Watson and Crick set about developing a stick-and-ball model of DNA's possible structure. The sides of the ladder were made up of alternating molecules of phosphate and the sugar deoxyribose, while each rung on the ladder was composed of a pair of nitrogen-containing bases connected in the middle. At first, the scientists were uncertain how DNA's four bases -- A, T, C, and G -- link up with each other. Then thanks to a suggestion from a colleague, they realized that the bases always join up with the same partners - A with T, and C with G.
On March 7, 1953, Watson and Crick finished their model, which reached 6 feet tall. "A Structure for Deoxyribose Nucleic Acid" was published in Nature on April 25, 1953. By the late 1950s, their work had been widely accepted by the scientific community.
In 1962, Watson and Crick received the Nobel Prize for Physiology or Medicine with Maurice Wilkins. He had published important crystallography work relating to DNA at the same time as Watson and Crick. Rosalind Franklin, whose photograph provided "a Eureka moment" for Watson, died in 1958 of cancer. Scientists wonder if she would have been honored with the award as well, had she lived.
New Paths
After their discovery, Watson and Crick stayed in touch, but took different paths in science. Watson joined the faculty of Harvard University in 1955, focusing his research on the role of ribonucleic acid (RNA) in protein synthesis. In 1968, he became director of Cold Spring Harbor Laboratory on Long Island, New York. It conducts research on cancer, plant molecular biology, cell biochemistry, and neuroscience. In 1989, he was appointed director of the National Center for Human Genome Research at the National Institutes of Health and launched a worldwide effort to map and sequence the human genome. In 1994, he became president of Cold Spring Harbor Laboratory.
Crick was made a Fellow of the Royal Society in England in 1959. Working with Sydney Brenner, he sought to "unravel the genetic code" by determining how the sequence of DNA bases would specify the amino acid sequence in proteins. By 1961, they had shown that this translation involves a three-nucleotide code, or codon, which opened the door to new biotechnology research ranging from genetic fingerprinting to screening for inherited diseases. In 1976, Crick joined the Salk Institute for Biological Studies in San Diego, California, where he became involved in studies of neurons and how the brain functions. He served the institute as both a distinguished research scientist and former president. Crick died on July 28, 2004, at the age of 88.

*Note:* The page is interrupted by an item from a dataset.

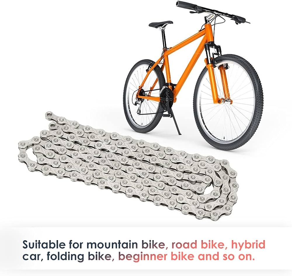 Catene Per Biciclette 10 Velocità EVTSCAN Catena Per Mountain Bike A 11 Velocità, 116 Maglie 1/2x11/128 Pollici Per Bici Multi Velocità, Per Cambi Di Marcia Fluidi E Resistenti Cambio Shimano Deore 10v Ha un'esperienza di guida migliore rispetto alle normali catene, con maggiore durezza e resistenza e maggiore resistenza alla corrosione. Dotato di maglia di catena a sgancio rapido, può essere installato in modo sicuro e veloce senza attrezzi. La catena per bicicletta a 10 velocità è molto adatta per mountain bike e bici da strada.

What would happen if we didn't have DNA or RNA?


Without DNA or RNA your cells would not know how to make another cell. These are the memory your cells use to tell itself how to build the proteins and enzymes and other parts the cells need to function. without this special memory cells wouldn't know how to build itself or how those parts are supposed to work. We wouldn't exist. For all of us to look the same we'd have to have the same DNA.

How Does DNA Work?


DNA is a chain built up of four simple building blocks. The four types are adenine, cytosine, thymine and guanine or A, C, T and G for short. The shapes of A and T and of C and G are "complementary". Each of the two pairs fit together neatly like pieces of a jigsaw puzzle. The two chains of the DNA structure stick together due to bonds which form between the complementary pairs of bases. It is the complementary base pairs that allow DNA to copy itself.
Under certain circumstances the two chains of the DNA molecule separate. New DNA bases come in and stick to their complementary partner on the existing chain. The new bases are then stuck together to make a "daughter" DNA chain. This process occurs for each of the original chains of the parent DNA molecule. Two daughter DNA chains are, therefore, formed.